Helin ...Öykü
......................................
Derler, çocuklukta ne yaşasan, neyle karşılaşsan, neler çeksen yarın öbür gün karşına çıkıyor, birikintileri tüm çıplak haliyle...
’Bitmez bir çile, dayanılmaz bir acıdır hayat’ diyordu Helin...
Helin Şırnak’ın Güçlükonak İlçe’sinin bir sakin mahallesinde(bu mahalle, ilçenin yakın- uzak köylerinden 1990-1995 yılları arasında köylerinin yakılmaları sonucu göç edenlerin heterojen yapılı insanlardan,Kürtlerden oluşuyordu) gözlerini açmıştı dünyaya...
Dünyaya gözlerini aralar aralamaz, kapkaranlıklar renklerde, nahoş durumlarda gördü yaşamı hep...

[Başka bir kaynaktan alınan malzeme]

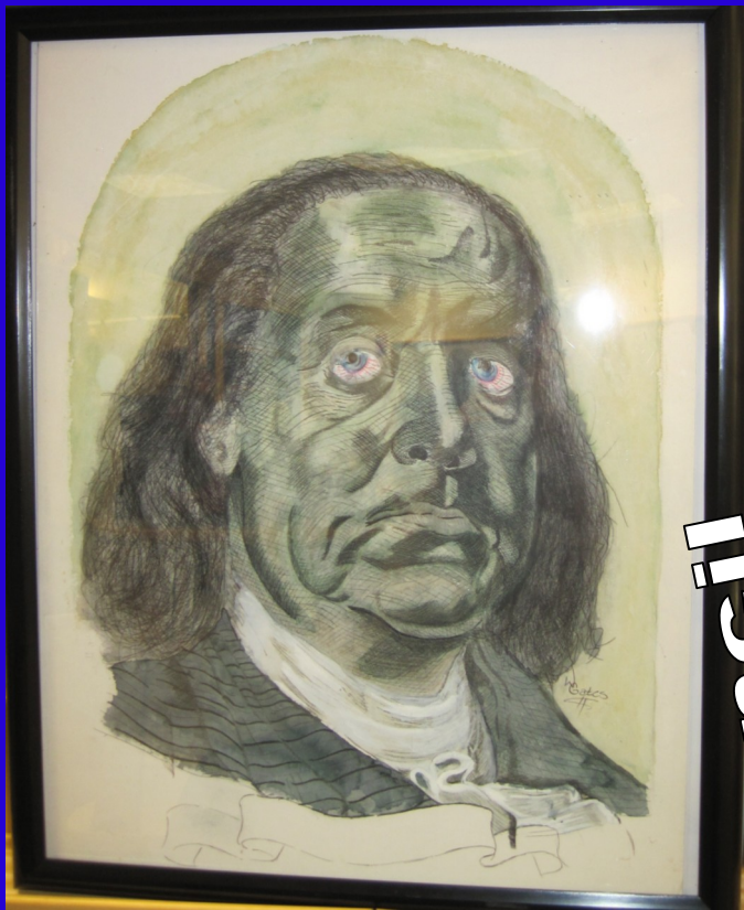
The Watchers is a n acrylic created by Wardsey Gates

Hep eksik tamamladı yaşlarını. Yarım bırakıldı mavi düşleri. İçe dönük, dört duvarlar arasında bir ömrü reva görüldü kendisine...
Daim korkulu anlarla, daim gözyaşlarla büyüdü... Buna da büyümek denilmez de...
Kah uzun namlulu silahların susmaz sesleriyle irkildi yerinden, kah gözleri önünde akrabalarına dayatılan binbir işkence imzalı zorbalıklara şahit oldu, kah da çocuksu hayallerin bir bir suya düşmesinden bitkin düştü ayakta kalmaya...
Acılarla, sancılarla serpildi Helin...
Şimdi yaşı gelmiş yirmiye...
Hala geçmişine gitmekte. Hala ne zaman bir kötü habere rast gelse, hatırlamak istemediği o kötü çocukluk günlerine dönmekte. Hala uyurken, bitmez kabuslarla sabahlara zar zor varmakta...
Hala üzerine doğan güneş’i siyahları çalmakta gündüzlerine...
Unutamamakta bakışları arasında yanıp kül olan biricik köyünü. Bir Ceylan gibi gezdiği yemyeşil, palamut ağaçlar dolu dağlarını özlemekte. İç geçirmekte, daha önce dam üstünde saydığı tüm yıldızları. Parlak ay’ı tekrar tekrar görmek istemekte Helin...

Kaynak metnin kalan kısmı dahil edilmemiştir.